Hard drive weirdness.

David Gibb degibb at gmail.com
Wed Jul 23 17:40:03 UTC 2008


In case it wasn't obvious, what would really be awesome is if the
first sata drive _always_ pointed to /dev/sda, the second sata drive
_always_ pointed to /dev/sdb, and the pata drive _always_ pointed to
/dev/sdc. That way, the software raid (and I!) wouldn't get so
confused. In addition, if mdadm tells me that /dev/sda failed, for
example, I'd actually know what that meant. Is that possible?

David

On Wed, Jul 23, 2008 at 1:14 PM, David Gibb <degibb at gmail.com> wrote:
> Things are getting better! But I'm not quite there yet...
>
> I did:
>
> device (hd0) /dev/sdc
> root (hd0,0)
> setup (hd0)
> quit
>
> And I rebooted.

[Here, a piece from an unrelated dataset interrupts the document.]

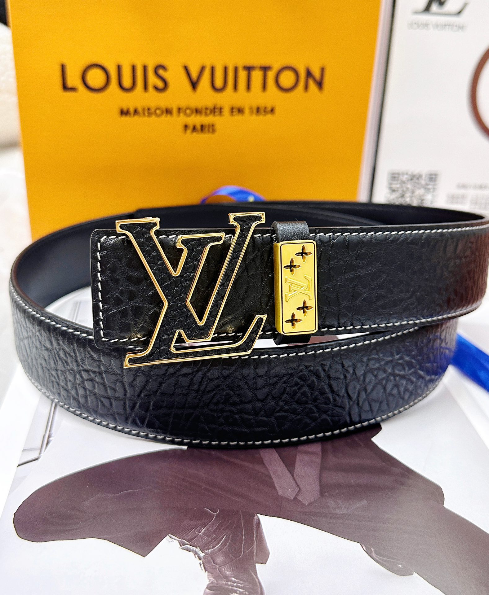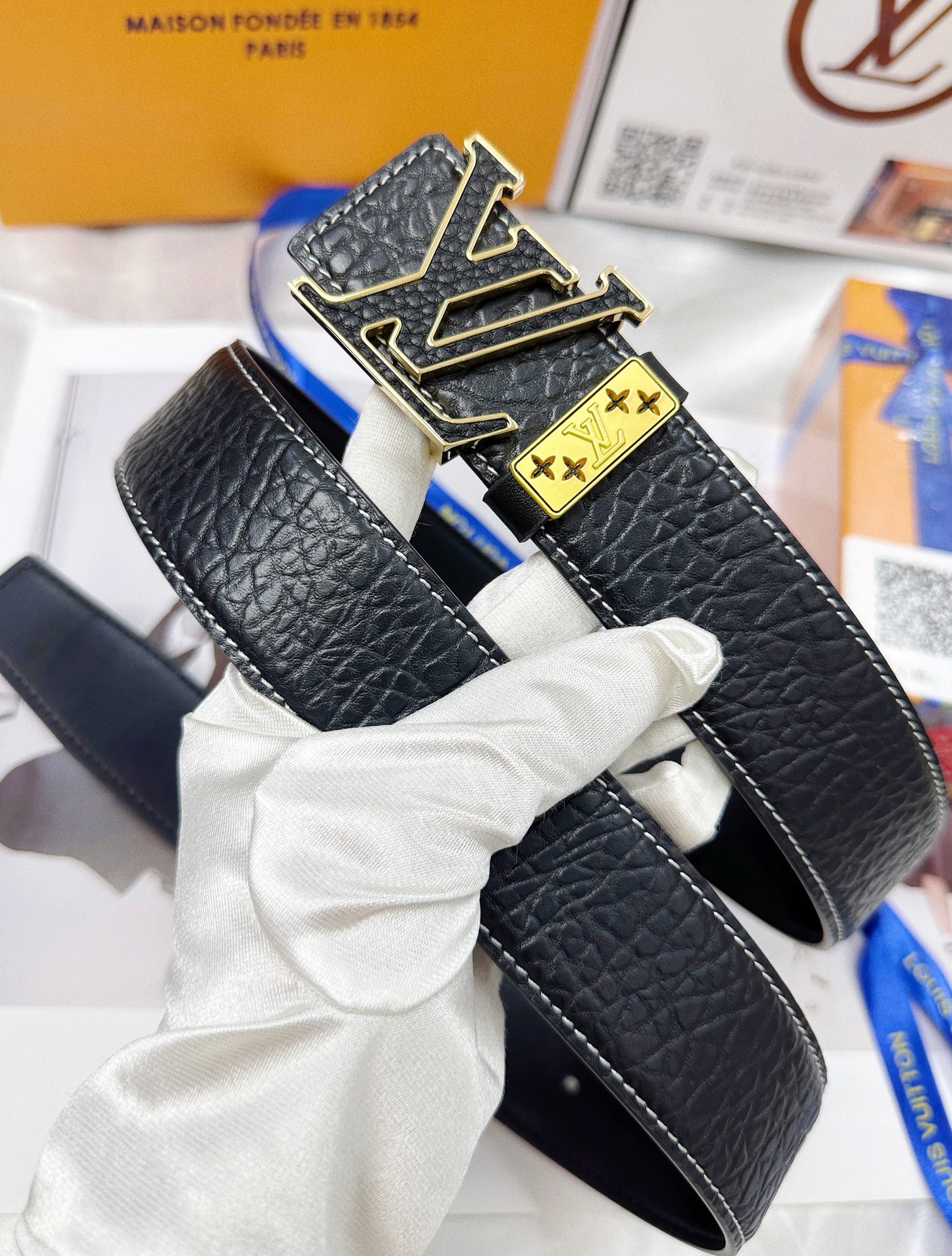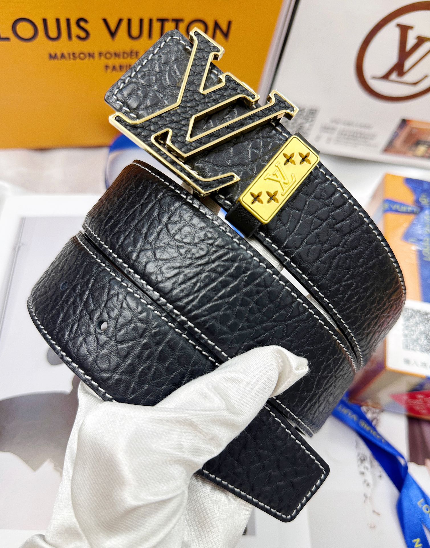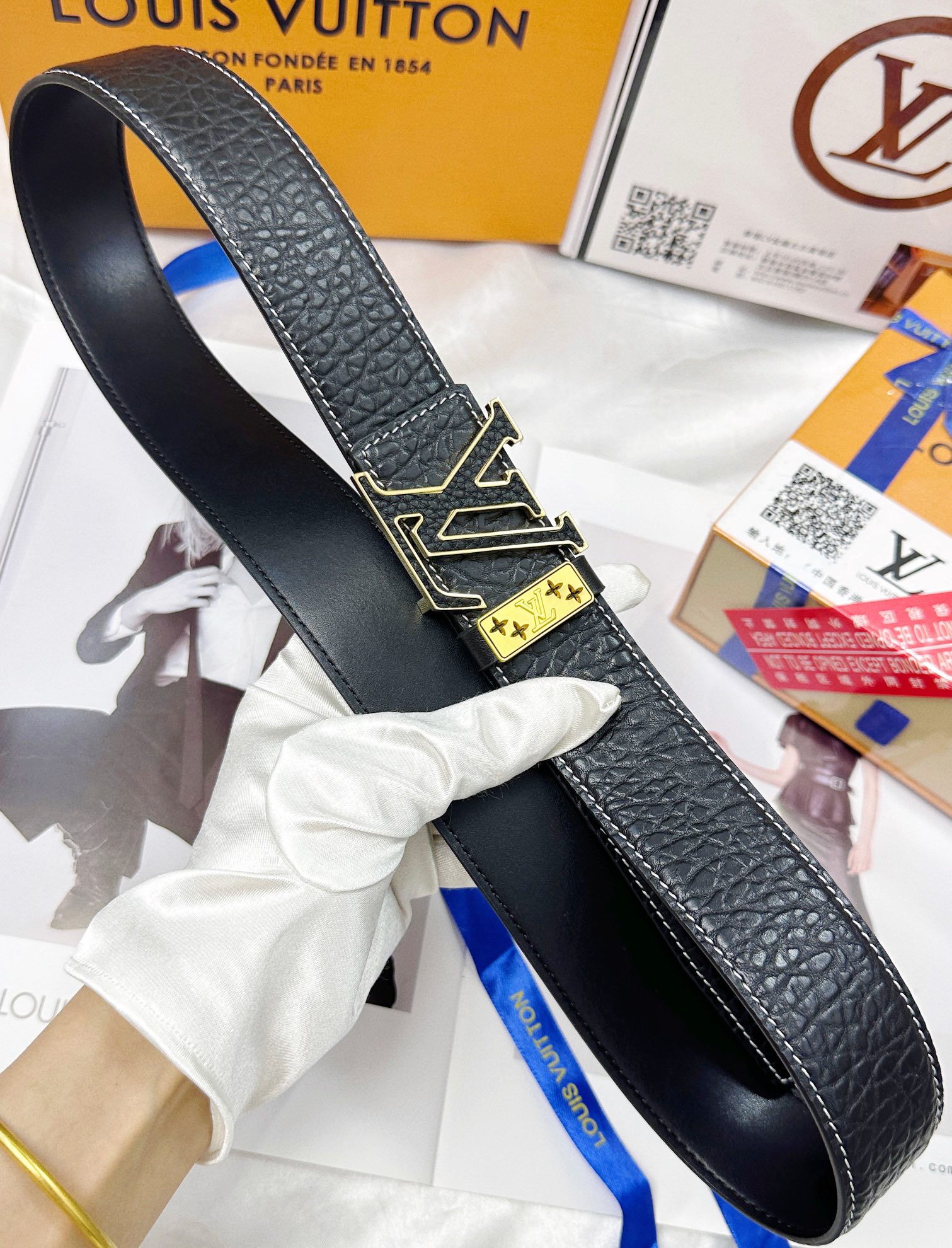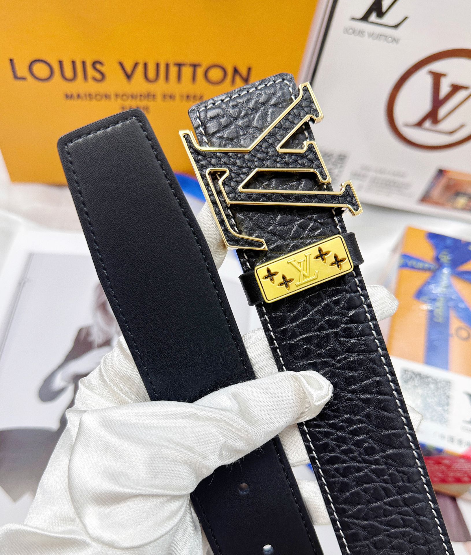 这款皮带是AAAAA 1:1 质量 (非常棒). 使用了和原版一模一样的材料. 商标部分也保持了和路易威登/Louis Vuitton一样. 图片拍摄是实物皮带拍摄, 您所收到的实物保证和我们图片一模一样.

I changed my bios settings to boot from 'IDE-0', and
> then I got a grub Error 17:  Cannot mount selected partition...
>
> Oops. Forget to change the menu.lst. I changed root from (hd2,0) to
> (hd0,0), rebooted, and it worked ok. The root (pata) drive is at
> /dev/sdc. Great!
>
> Now I tried removing both sata drives. It boots ok, but I noticed that
> the the root drive is now set to /dev/sda.
>
> When I remove a sata drive, root is set to /dev/sdb, and mdadm
> --detail /dev/md0 tells me that the md device does not appear to be
> active. I'm just guessing here, but could this be because it's
> confused by the fact that one of the raid drives (sdb) is already
> mounted as root?
>
> Anyway, I think you see where I'm going here. My problem is that raid
> expects the drives to be /dev/sda and /dev/sdb, but that's only the
> case when all three drives are running. When a drive goes missing, the
> 'space' in the lettering is filled by the pata drive, and my raid
> device gets all confused.
>
> Thanks again for all your help,
> David
>
> On Wed, Jul 23, 2008 at 12:26 PM, Rashkae <ubuntu at tigershaunt.com> wrote:
>> David Vincent wrote:
>>
>>>
>>> 2.  in ubuntu install "gparted" in your favorite manner either with
>>> synaptic or the add/remove programs app or apt-get or whatever.  open
>>> gparted (found under the System menu in Administration) and locate your
>>> /dev/sdb drive.  right-click the partition and see what flags are set on
>>> it.  click the "boot" flag if it isn't ticked.  click "ok"
>>>
>>
>> This step is... useless. Won't hurt anything, but doesn't achieve
>> anything.  It doesn't matter to grub which partition is or is not marked
>> bootable.. Unless you are doing something exotic by mixing MS-DOS chain
>> loader MTBR with grub, marking partitions as bootable has no effect.
>> You would need to setup grub on each device for grub to boot from either
>> hard drive.  However, since in this case, the /boot resides outside the
>> raid, you can't boot if the root drive is dead anyhow, so there is no
>> point in making the raid members bootable.